• [PROMPT]:
Each line below is to be copied exactly; images do not go into the copy.
[[ SUPPLIED INFORMATION open ]]
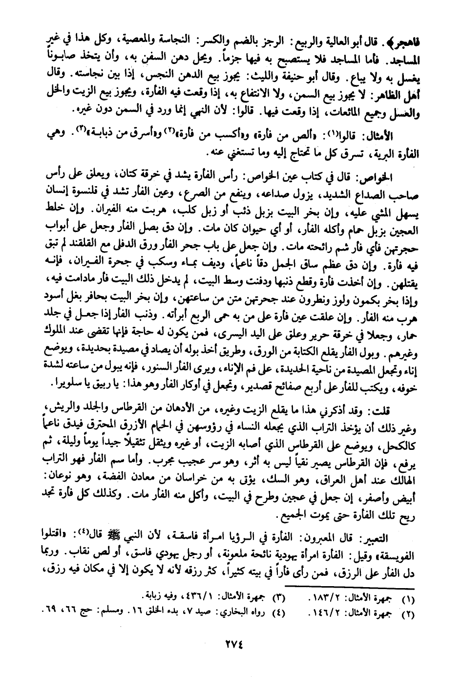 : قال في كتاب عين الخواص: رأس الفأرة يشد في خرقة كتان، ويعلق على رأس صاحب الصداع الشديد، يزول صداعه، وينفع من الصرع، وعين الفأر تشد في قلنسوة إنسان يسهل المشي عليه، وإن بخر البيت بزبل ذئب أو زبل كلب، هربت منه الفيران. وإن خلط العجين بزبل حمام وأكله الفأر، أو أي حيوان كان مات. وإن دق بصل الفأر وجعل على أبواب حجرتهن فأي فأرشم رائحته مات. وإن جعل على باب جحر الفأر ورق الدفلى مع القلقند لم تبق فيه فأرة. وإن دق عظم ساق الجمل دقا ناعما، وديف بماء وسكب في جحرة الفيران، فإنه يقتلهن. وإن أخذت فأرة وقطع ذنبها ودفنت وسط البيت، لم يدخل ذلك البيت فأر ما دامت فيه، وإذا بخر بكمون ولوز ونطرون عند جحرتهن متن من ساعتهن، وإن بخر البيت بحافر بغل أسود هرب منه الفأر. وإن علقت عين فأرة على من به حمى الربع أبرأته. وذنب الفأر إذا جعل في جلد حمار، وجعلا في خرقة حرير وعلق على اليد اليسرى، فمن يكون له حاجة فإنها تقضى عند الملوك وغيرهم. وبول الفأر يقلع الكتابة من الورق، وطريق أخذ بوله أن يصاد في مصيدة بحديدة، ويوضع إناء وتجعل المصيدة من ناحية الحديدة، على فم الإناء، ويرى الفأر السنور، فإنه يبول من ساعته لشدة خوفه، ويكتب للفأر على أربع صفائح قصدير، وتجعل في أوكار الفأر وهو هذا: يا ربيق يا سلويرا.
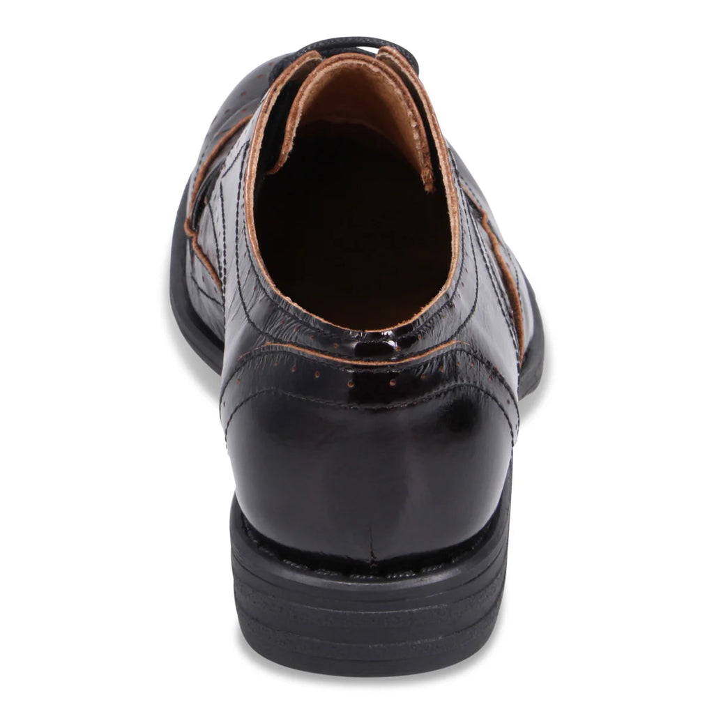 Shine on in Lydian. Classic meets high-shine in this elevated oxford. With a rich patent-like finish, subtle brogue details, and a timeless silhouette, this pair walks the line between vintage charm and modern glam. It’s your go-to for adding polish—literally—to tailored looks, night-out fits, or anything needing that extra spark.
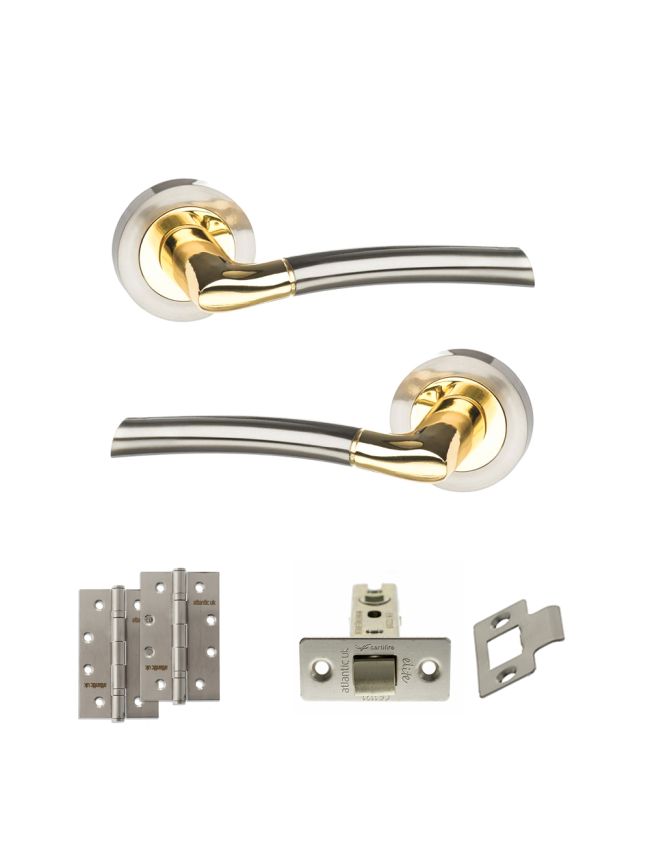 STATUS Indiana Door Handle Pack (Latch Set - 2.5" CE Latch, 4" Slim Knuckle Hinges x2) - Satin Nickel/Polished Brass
[[ SUPPLIED INFORMATION closed ]]
• [WRITTEN RESPONSE]:
 : قال في كتاب عين الخواص: رأس الفأرة يشد في خرقة كتان، ويعلق على رأس صاحب الصداع الشديد، يزول صداعه، وينفع من الصرع، وعين الفأر تشد في قلنسوة إنسان يسهل المشي عليه، وإن بخر البيت بزبل ذئب أو زبل كلب، هربت منه الفيران. وإن خلط العجين بزبل حمام وأكله الفأر، أو أي حيوان كان مات. وإن دق بصل الفأر وجعل على أبواب حجرتهن فأي فأرشم رائحته مات. وإن جعل على باب جحر الفأر ورق الدفلى مع القلقند لم تبق فيه فأرة. وإن دق عظم ساق الجمل دقا ناعما، وديف بماء وسكب في جحرة الفيران، فإنه يقتلهن. وإن أخذت فأرة وقطع ذنبها ودفنت وسط البيت، لم يدخل ذلك البيت فأر ما دامت فيه، وإذا بخر بكمون ولوز ونطرون عند جحرتهن متن من ساعتهن، وإن بخر البيت بحافر بغل أسود هرب منه الفأر. وإن علقت عين فأرة على من به حمى الربع أبرأته. وذنب الفأر إذا جعل في جلد حمار، وجعلا في خرقة حرير وعلق على اليد اليسرى، فمن يكون له حاجة فإنها تقضى عند الملوك وغيرهم. وبول الفأر يقلع الكتابة من الورق، وطريق أخذ بوله أن يصاد في مصيدة بحديدة، ويوضع إناء وتجعل المصيدة من ناحية الحديدة، على فم الإناء، ويرى الفأر السنور، فإنه يبول من ساعته لشدة خوفه، ويكتب للفأر على أربع صفائح قصدير، وتجعل في أوكار الفأر وهو هذا: يا ربيق يا سلويرا.
 Shine on in Lydian. Classic meets high-shine in this elevated oxford. With a rich patent-like finish, subtle brogue details, and a timeless silhouette, this pair walks the line between vintage charm and modern glam. It’s your go-to for adding polish—literally—to tailored looks, night-out fits, or anything needing that extra spark.
 STATUS Indiana Door Handle Pack (Latch Set - 2.5" CE Latch, 4" Slim Knuckle Hinges x2) - Satin Nickel/Polished Brass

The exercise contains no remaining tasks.